Some authors claim that the effect of AgNPs is influenced by their coating [32,72]. Citrate-coated AgNPs have an increased negative charge which results in high stability and decreases aggregation [120]. Theoretically, the small size and active surface of citrate-coated AgNPs allow them to penetrate the mitochondria and nuclear pore and to create free radicals [101]. With regard to in vivo MN test, silicon coating produced negative results in Li et al. [100] and PVP-coating produced negative results in almost every evaluation [32,100] except for Wang et al. [84]. Moreover, Nallanthighal et al. [32] obtained positive MN results after seven days of oral treatment with citrate coated AgNPs in C57BL/6 mice, but negative results after treatment with PVP-AgNPs under the same conditions. Regarding the in vivo comet assay, silicon- and PVP- coatings produced negative results in the standard comet assay, although Li et al. [100] obtained positive results in Endo-III and OGG-1 modified comet assays in.

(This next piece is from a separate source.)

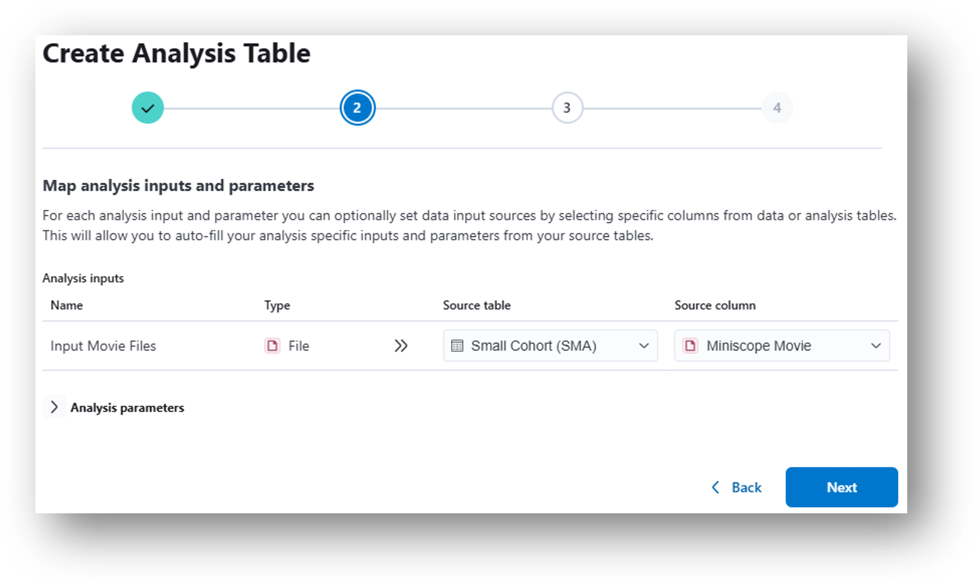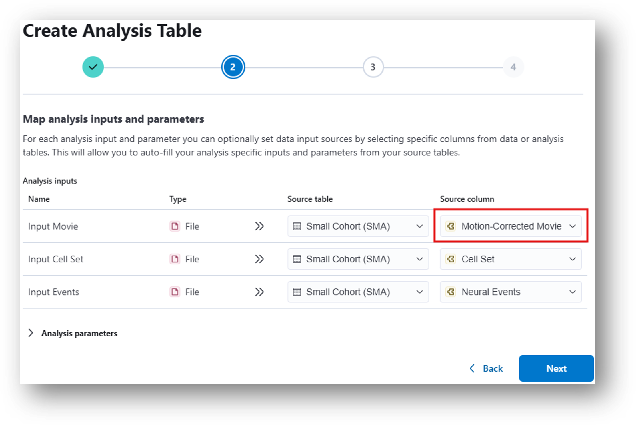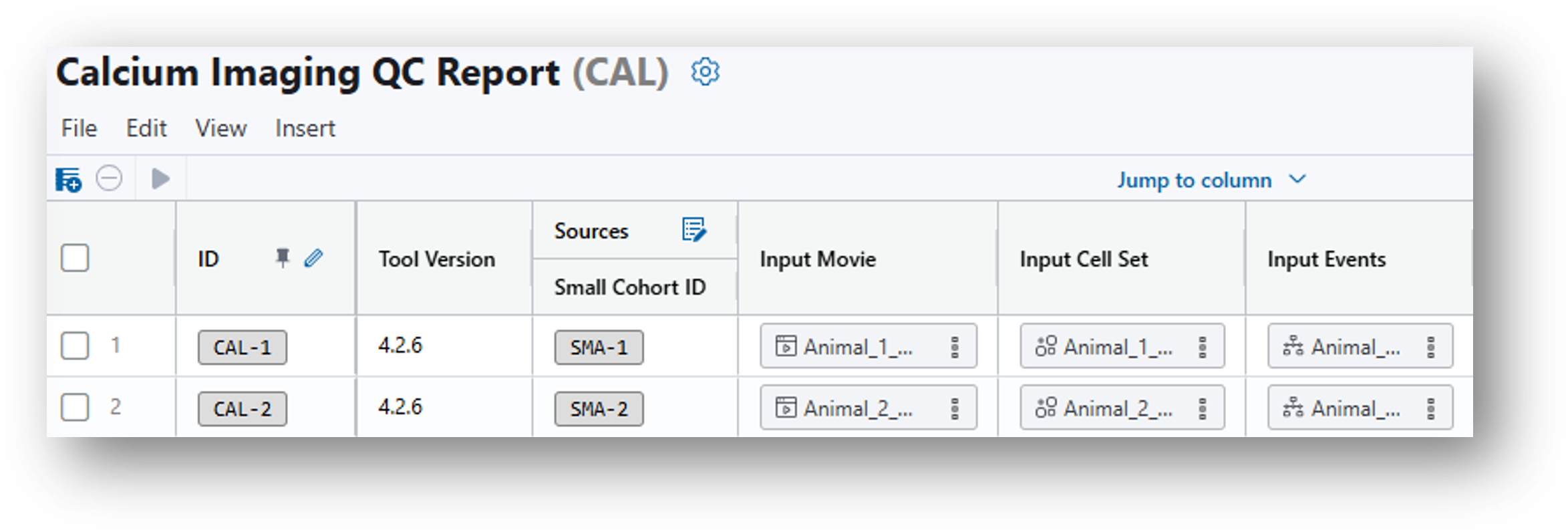 12. Having navigated back to the Small Cohort Data Table, create and run a Calcium Imaging QC Report analysis table following the same steps as you went through to create the End-to End CNMF-e analysis, but this time selecting Calcium Imaging QC Report from the analysis dropdown menu.
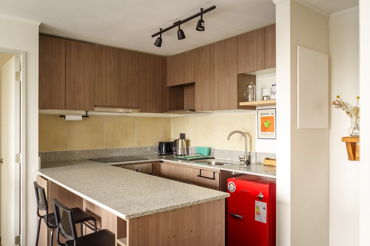Disfruta de una estadía cómoda en este acogedor departamento, ideal para viajes de trabajo, estudios o turismo. Situado en el piso 23, ofrece excelente iluminación natural con sol de tarde y una vista privilegiada de la ciudad. El espacio Cuenta con: ✔️1 dormitorio cama 2 plazas ✔️Living luminoso ✔️Cocina equipada Ubicación estratégica ✔️Cerca del centro ✔️Transporte ✔️Universidades ✔️Comercio y restaurantes. Ideal para viajeros, profesionales o parejas que buscan comodidad y tranquilidad.

As mentioned above, a physicochemical characterization of nanomaterials is essential to understand their behavior. In the analyzed papers, the main parameters determined were particle size and size diameter, hydrodynamic diameter, polydispersity index, zeta potential, particle morphology and agglomeration state. Dynamic light scattering (DLS) was one of the most widely used techniques to determine particle size, size distribution, zeta potential, hydrodynamic diameter and polydispersity index. Transmission electronic microscopy (TEM) was used to determine particle size, morphology, particle shape and agglomeration. Zeta potential was determined mostly with a Zetasizer instrument. Other techniques such as inductively coupled plasma mass spectrometry (ICP-MS) and X-ray photoelectron spectroscopy (XPS) were applied to determine AgNPs concentrations and elemental composition respectively.

In summary, looking at all the results together, it appears to indicate that the AgNPs can produce genotoxic effects. Positive results were obtained in all type of assays, both in vitro and in vivo, although characteristics of each AgNPs and test conditions should be considered case-by-case AgNPs, as previously mentioned in the introduction, are highly used in consumer products, medicine and other sectors and this poses a worrying scenery that needs complete risk assessment evaluating real human exposure.